Input data Block Start

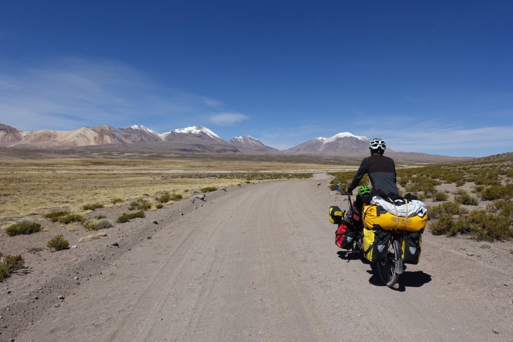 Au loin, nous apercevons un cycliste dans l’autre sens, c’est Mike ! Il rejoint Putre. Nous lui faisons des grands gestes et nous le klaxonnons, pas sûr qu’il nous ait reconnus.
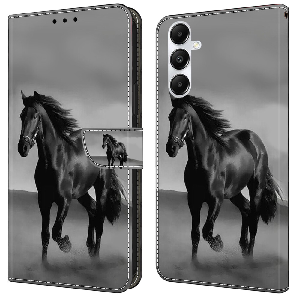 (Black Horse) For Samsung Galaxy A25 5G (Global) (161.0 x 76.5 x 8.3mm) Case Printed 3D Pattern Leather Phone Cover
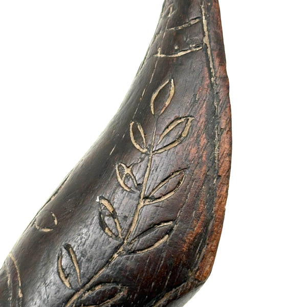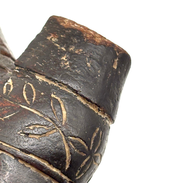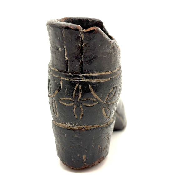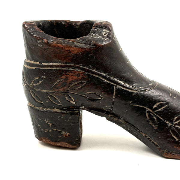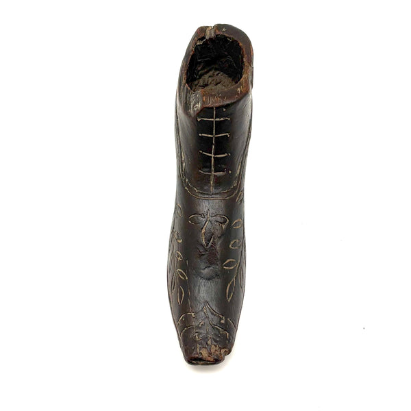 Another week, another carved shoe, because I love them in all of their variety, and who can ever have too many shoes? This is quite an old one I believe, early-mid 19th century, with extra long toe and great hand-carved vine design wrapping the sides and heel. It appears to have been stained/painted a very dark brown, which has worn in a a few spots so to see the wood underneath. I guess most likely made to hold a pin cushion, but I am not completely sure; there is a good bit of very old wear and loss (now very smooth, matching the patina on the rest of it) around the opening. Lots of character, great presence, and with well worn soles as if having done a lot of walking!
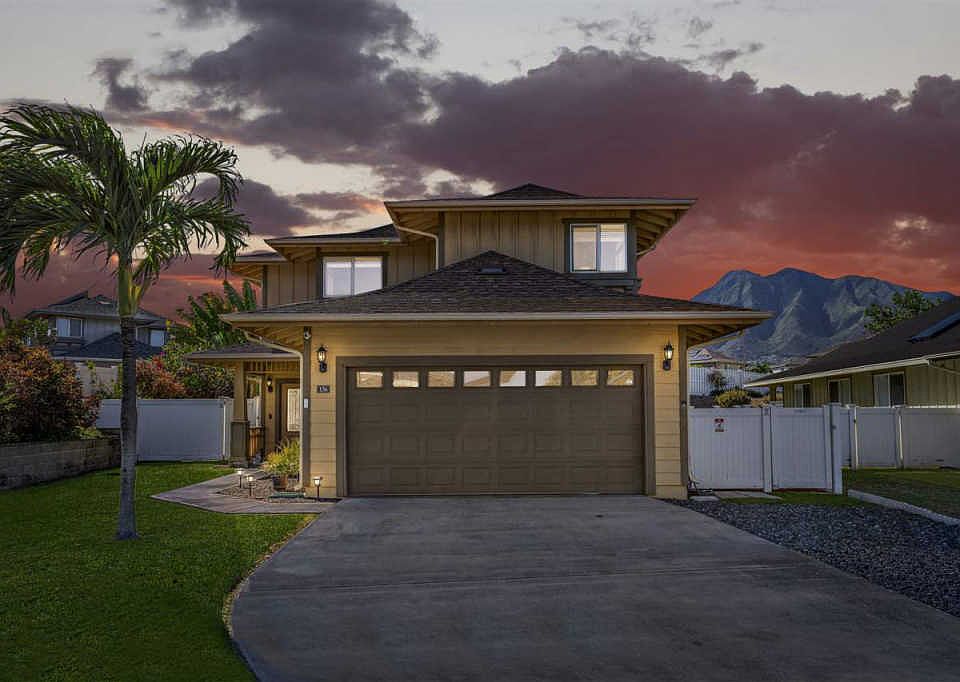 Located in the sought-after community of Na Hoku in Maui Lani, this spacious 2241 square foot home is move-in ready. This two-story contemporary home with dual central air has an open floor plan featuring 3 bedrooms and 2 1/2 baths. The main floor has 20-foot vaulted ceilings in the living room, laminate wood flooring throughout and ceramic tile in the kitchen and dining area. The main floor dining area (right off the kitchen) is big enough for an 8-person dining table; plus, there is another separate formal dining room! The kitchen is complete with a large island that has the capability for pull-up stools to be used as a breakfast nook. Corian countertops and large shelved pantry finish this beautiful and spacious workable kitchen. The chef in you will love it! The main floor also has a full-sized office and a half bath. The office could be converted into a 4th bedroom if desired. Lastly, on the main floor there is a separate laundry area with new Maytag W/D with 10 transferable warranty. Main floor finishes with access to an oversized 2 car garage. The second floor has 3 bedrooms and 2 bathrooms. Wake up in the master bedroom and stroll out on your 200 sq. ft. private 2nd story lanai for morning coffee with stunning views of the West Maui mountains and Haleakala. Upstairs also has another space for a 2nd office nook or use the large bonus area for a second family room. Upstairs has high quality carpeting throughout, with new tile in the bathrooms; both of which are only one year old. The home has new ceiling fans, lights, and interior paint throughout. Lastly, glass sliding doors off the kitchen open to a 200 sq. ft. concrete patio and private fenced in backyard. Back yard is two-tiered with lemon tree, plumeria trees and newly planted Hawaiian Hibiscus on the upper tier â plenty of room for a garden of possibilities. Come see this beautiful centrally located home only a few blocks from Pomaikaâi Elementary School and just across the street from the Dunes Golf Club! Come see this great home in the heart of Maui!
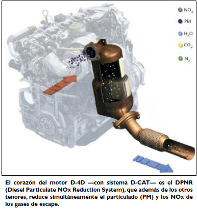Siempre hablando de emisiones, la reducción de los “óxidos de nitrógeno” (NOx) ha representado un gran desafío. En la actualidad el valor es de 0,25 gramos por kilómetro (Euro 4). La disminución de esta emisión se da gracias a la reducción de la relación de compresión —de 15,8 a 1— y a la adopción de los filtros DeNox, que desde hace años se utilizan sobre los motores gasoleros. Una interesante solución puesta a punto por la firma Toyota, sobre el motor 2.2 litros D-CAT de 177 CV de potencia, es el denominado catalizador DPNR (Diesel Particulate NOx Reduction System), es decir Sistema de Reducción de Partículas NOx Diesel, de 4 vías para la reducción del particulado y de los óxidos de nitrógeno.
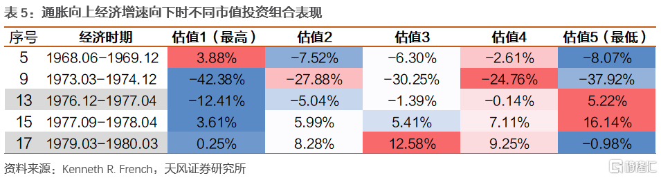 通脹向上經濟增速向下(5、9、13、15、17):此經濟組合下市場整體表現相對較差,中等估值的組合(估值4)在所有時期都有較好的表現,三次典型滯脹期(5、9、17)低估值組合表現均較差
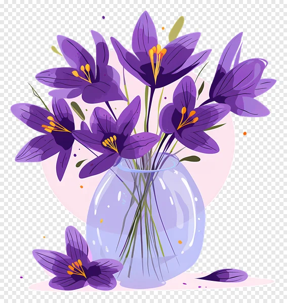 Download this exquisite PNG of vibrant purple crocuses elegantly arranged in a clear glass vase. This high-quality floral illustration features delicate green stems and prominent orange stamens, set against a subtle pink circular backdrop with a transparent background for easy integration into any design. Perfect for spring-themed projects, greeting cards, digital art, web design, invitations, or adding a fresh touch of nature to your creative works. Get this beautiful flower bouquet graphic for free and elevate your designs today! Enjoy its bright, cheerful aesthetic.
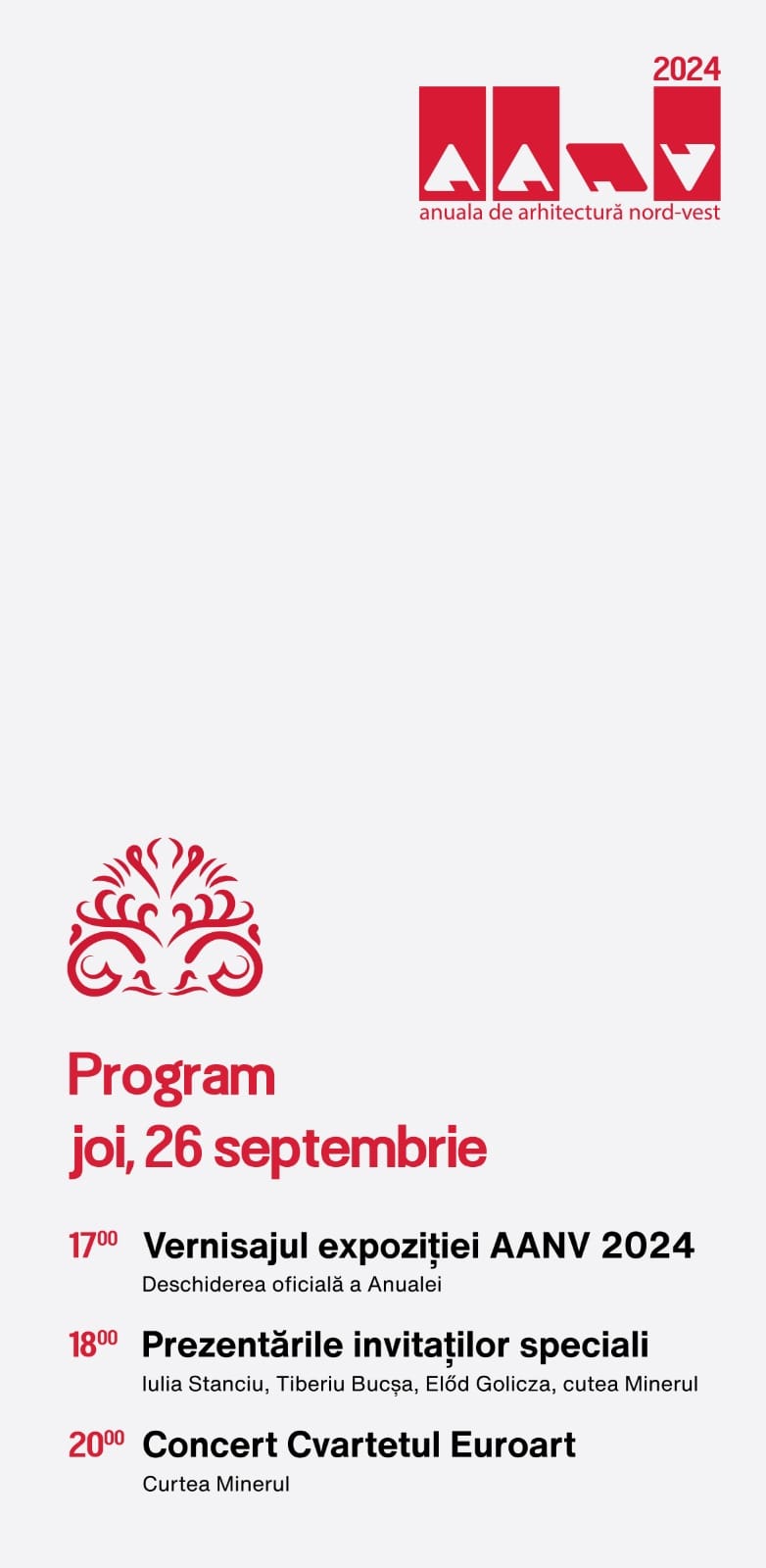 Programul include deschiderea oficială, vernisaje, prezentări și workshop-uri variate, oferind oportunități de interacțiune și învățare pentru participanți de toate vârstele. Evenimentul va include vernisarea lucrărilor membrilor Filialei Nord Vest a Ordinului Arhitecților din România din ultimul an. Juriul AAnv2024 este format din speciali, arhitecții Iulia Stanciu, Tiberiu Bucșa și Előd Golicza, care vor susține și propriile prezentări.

Input data Block End

Problem requirements — The lines running from the beginning of the listing above through the line that holds "(Black Horse) For" are to be duplicated exactly, both ends kept, pictures omitted.

Result of this task —
 Au loin, nous apercevons un cycliste dans l’autre sens, c’est Mike ! Il rejoint Putre. Nous lui faisons des grands gestes et nous le klaxonnons, pas sûr qu’il nous ait reconnus.
 (Black Horse) For Samsung Galaxy A25 5G (Global) (161.0 x 76.5 x 8.3mm) Case Printed 3D Pattern Leather Phone Cover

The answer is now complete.